*The task*
Instruction for the data below: set down exactly the lines from the line with "Festive Pair Includes" to the line with "Keywords: StateLibQld 1", inclusive, and no others.

[Provided records Boundary: Start]

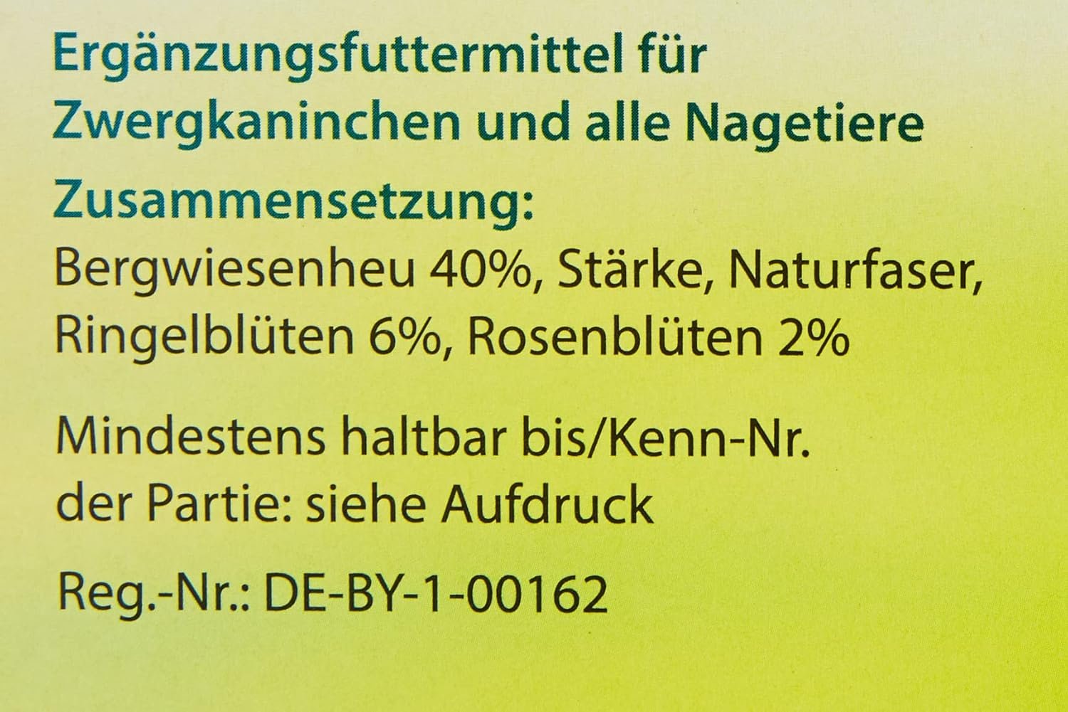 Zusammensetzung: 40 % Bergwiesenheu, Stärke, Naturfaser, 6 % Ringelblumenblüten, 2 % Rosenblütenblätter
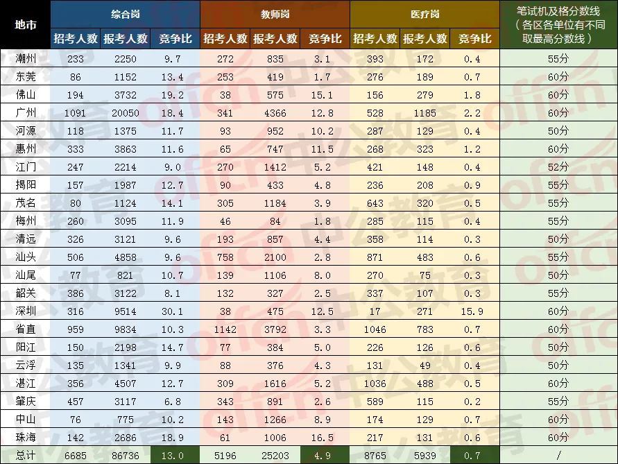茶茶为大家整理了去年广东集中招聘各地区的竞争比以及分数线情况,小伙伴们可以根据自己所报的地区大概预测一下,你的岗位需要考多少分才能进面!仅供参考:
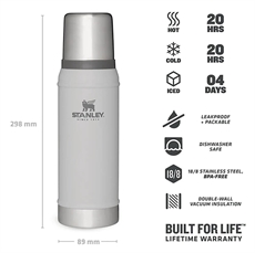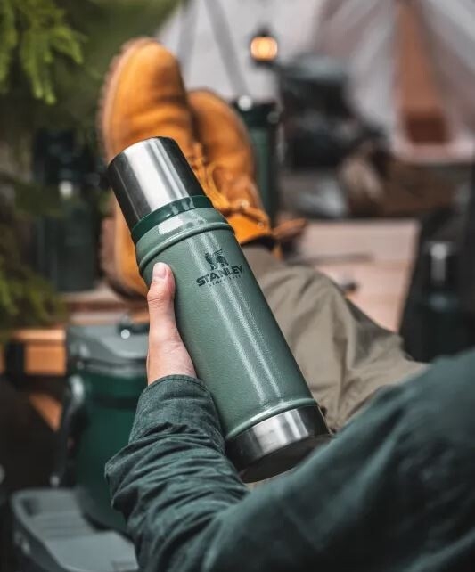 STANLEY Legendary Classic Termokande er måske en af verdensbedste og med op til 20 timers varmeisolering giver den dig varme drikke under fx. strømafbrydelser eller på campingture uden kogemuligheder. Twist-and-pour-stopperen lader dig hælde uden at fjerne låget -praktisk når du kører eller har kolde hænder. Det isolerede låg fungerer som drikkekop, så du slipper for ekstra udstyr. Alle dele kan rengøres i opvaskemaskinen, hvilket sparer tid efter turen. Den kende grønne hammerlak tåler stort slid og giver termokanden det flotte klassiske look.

[Provided records Boundary: End]
[Provided records Boundary: Start]

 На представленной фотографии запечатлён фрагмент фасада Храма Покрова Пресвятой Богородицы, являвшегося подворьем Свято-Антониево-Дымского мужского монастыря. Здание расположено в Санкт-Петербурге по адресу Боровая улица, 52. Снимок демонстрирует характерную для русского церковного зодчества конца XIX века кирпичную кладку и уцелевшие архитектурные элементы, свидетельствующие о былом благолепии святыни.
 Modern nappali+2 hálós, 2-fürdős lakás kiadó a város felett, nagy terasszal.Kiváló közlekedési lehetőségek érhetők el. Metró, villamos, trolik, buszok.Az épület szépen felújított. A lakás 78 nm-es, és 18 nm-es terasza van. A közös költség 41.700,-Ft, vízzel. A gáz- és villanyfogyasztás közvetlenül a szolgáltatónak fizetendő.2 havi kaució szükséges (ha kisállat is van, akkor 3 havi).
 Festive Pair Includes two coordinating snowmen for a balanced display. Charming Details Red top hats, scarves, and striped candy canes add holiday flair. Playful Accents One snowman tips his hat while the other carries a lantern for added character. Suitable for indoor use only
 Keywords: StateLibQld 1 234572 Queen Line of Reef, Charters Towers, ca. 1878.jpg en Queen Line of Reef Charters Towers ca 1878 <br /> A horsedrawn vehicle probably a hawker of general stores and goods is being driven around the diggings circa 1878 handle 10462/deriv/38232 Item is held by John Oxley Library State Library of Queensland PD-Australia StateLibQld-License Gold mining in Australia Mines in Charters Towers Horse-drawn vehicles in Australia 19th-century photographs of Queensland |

[Provided records Boundary: End]

*Your solution*
 Festive Pair Includes two coordinating snowmen for a balanced display. Charming Details Red top hats, scarves, and striped candy canes add holiday flair. Playful Accents One snowman tips his hat while the other carries a lantern for added character. Suitable for indoor use only
 Keywords: StateLibQld 1 234572 Queen Line of Reef, Charters Towers, ca. 1878.jpg en Queen Line of Reef Charters Towers ca 1878 <br /> A horsedrawn vehicle probably a hawker of general stores and goods is being driven around the diggings circa 1878 handle 10462/deriv/38232 Item is held by John Oxley Library State Library of Queensland PD-Australia StateLibQld-License Gold mining in Australia Mines in Charters Towers Horse-drawn vehicles in Australia 19th-century photographs of Queensland |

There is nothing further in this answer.